瞳中の景
それは、私が今まで見た中で一番美しい瞳だった。
だけど、その瞳は――この世界のどんな美しい景色も、映すことはできない。
もしできるなら、私は彼女に「見せてあげたい」。
私の目に映る、いちばん美しい光景を。
― 瞳 side ―
天音と初めて出会ったのは、大学2年の春だった。
その日、私はスケッチブックを抱えて、空き時間にキャンパス内をぶらぶらしていた。
特に目的があったわけじゃない。
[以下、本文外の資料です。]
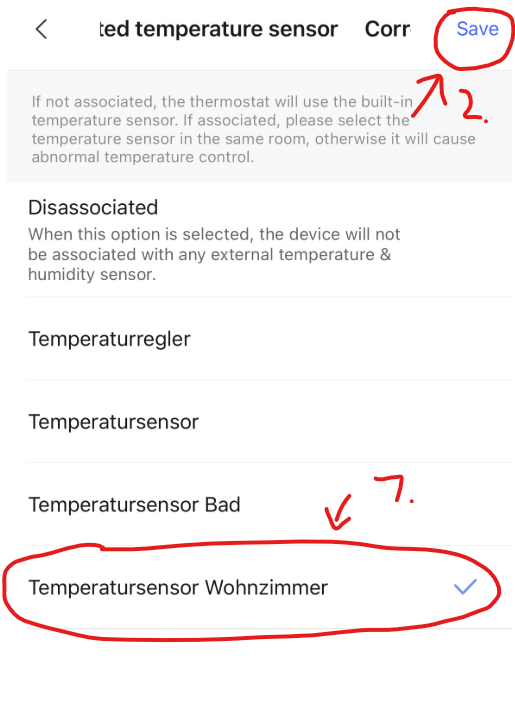 Important: You cannot specify a corresponding temperature sensor for a group. You have to do this individually for each thermostat.

ただ、どこかで静かに絵を描けたらいいなと思って。
その時だった。
かすかで幻想的な歌声が、校舎の隅から聞こえてきた。
私はその声に導かれるように歩いていった。
桜の木の下で、一人の金髪の少女が目を閉じて歌っていた。
その隣には、雪のように白い大型犬が横たわり、まるで祭壇を守る守護者のように静かに聴いていた。
その光景は、信じられないほど美しかった。
まるで映画のワンシーンに迷い込んだようで、思わず辺りを見回し、隠しカメラでもあるのか探してしまった。
今思えば、あれは本当にバカみたいだった。
職業病のように、私はスケッチブックを開いてその光景を描こうとした。
でも、鉛筆が紙を擦る音で、彼女の歌がピタリと止まってしまった。
「すみません、どなたですか?」
彼女の声は澄んでいて、透き通るようだった。
それでいて、驚くほど流暢な標準中国語に、私は数秒言葉を失った。
「え、あ……ごめん。歌声があまりにもきれいで、つい気になって近づいちゃった」
私はそう言いながら、彼女に近づいた。
「こんにちは。私は瞳、美術学科の学生。もしかして留学生さんですか?」
彼女は微笑んで首を振った。
「ううん、違うよ。外国人に見えるけど、れっきとした日本人なんだよ」
「本当?!」
「ふふ、みんなもそう驚いてたよ」
近くで見ると、彼女の美しさは一層際立っていた。
雪のように白い肌、繊細な顔立ち、まるで夢の中の人形みたいだった。
そして、彼女が顔をこちらに向け、目を開いたとき、
その瞳は、まるでクリスタルのように透き通った青色だった。
だが、その目には、光がなかった。
「え……?」
私は思わず声を漏らし、次の言葉が出なかった。
「うん、」
彼女は私の反応を読み取ったように、静かに頷いて言った。
「そう、私は見えないの。」
― 天音 side ―
瞳の第一印象は、明るくて元気な子だった。
あの日、私は盲導犬のノンノンと一緒に桜の木の下で過ごしていた。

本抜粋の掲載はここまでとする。